Jesus' Coming Back

Trump issues warning on dollar

The Republican frontrunner lamented the US’ decline, arguing no country would have dropped the dollar on his watch

Former US president Donald Trump warned that the dollar is poised to lose its status as world reserve currency – and with it the US’ position atop the geopolitical totem pole – in an interview with Fox Business on Thursday. 

Our country is going to hell and we’re not going to be the big boy,” Trump claimed, arguing that “We have power, but it’s waning. In fact, it’s waning in terms of our currency.” 

Should the dollar cease to be the world’s reserve currency, “it’s bigger than losing any war,” the Republican frontrunner continued. While such an idea would have been “unthinkable” under a Trump presidency, he lamented, “now people are thinking about it” – particularly China – putting the US in danger of being dethroned as a global hegemon.

This was even more alarming given the current state of the US as a country, Trump acknowledged. “We are already reverting to third world status in many ways. You look at our airport, you look at our terminals, you look at our filthy roads and broken roads and everything else, we’re like a third-world country.

He blamed the Biden administration for the nation’s decline, suggesting his successor had triggered the current inflationary spiral with his moratorium on new drilling for oil. The US was just 18 months away from out-producing Russia and Saudi Arabia combined before Biden took over, Trump claimed, insisting, “We would have made so much money. We would have been paying off debt, we would have been doing things that nobody’s ever seen this country do.” 

No president has ever attempted to pay down the US’ national debt, which currently stands at $32.6 trillion by the Treasury’s own calculations – though some estimates suggest it may be several times that.

Trump himself added $6.7 trillion to that figure, putting him behind both Bushes and Barack Obama in terms of debt but ahead of Biden.

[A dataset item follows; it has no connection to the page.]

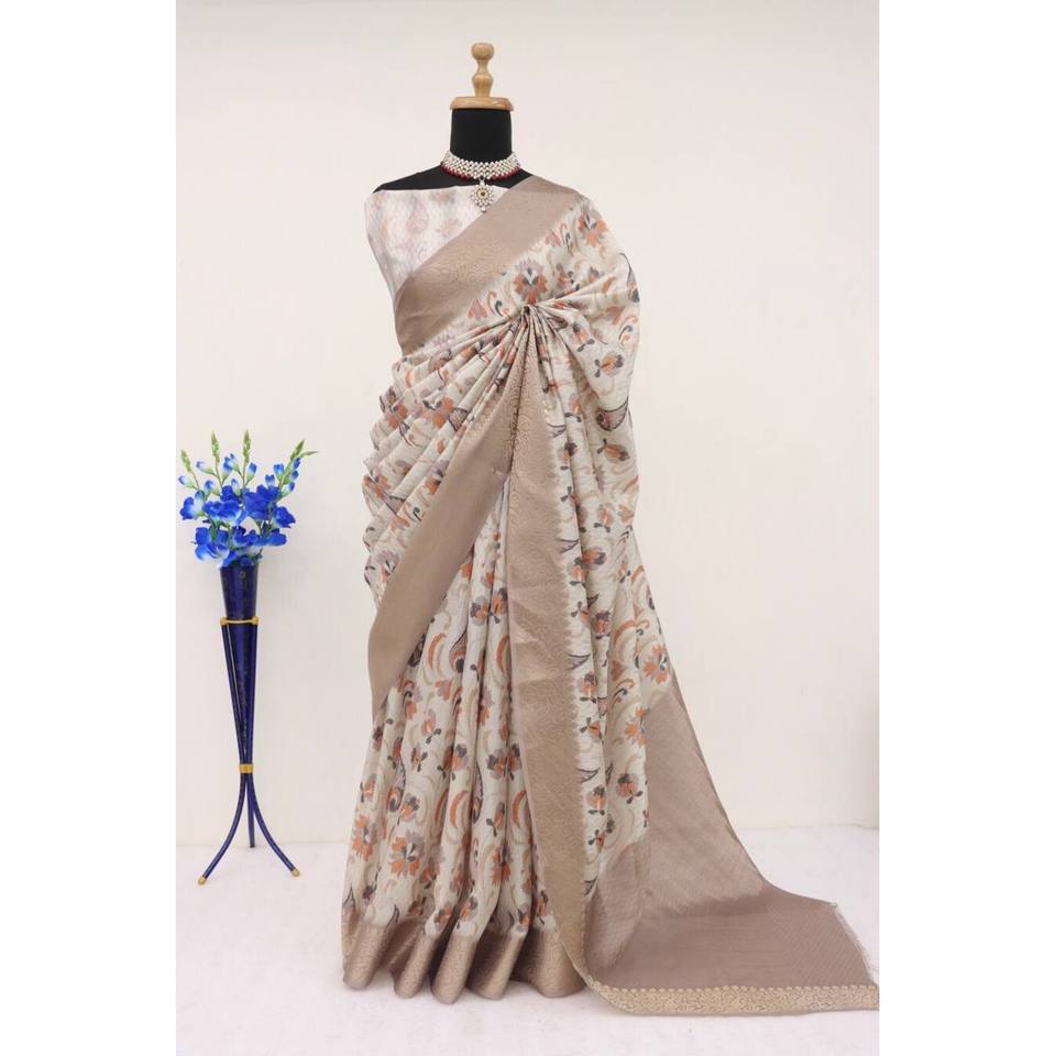 DESIGNER SILK FLORAL and DIGITAL PRINT WORK SAREE WITH UNSTITCHED BLOUSE WHITE

However, the incumbent still has a year and a half to catch up, with theoretically bottomless spending programs like student loan forgiveness and the conflict in Ukraine. 

The apparent instability of the US economy – Washington’s credit rating was recently downgraded by Fitch Ratings from AAA to AA+ for only the second time in history – and the growing number of countries that find themselves on the wrong end of US sanctions have contributed to an unprecedented level of interest in ditching the dollar as reserve currency. 

Those sanctions have inspired the BRICS countries to formulate an alternative to the US’ SWIFT international bank transfer system – a necessary foundation for any move away from the dollar.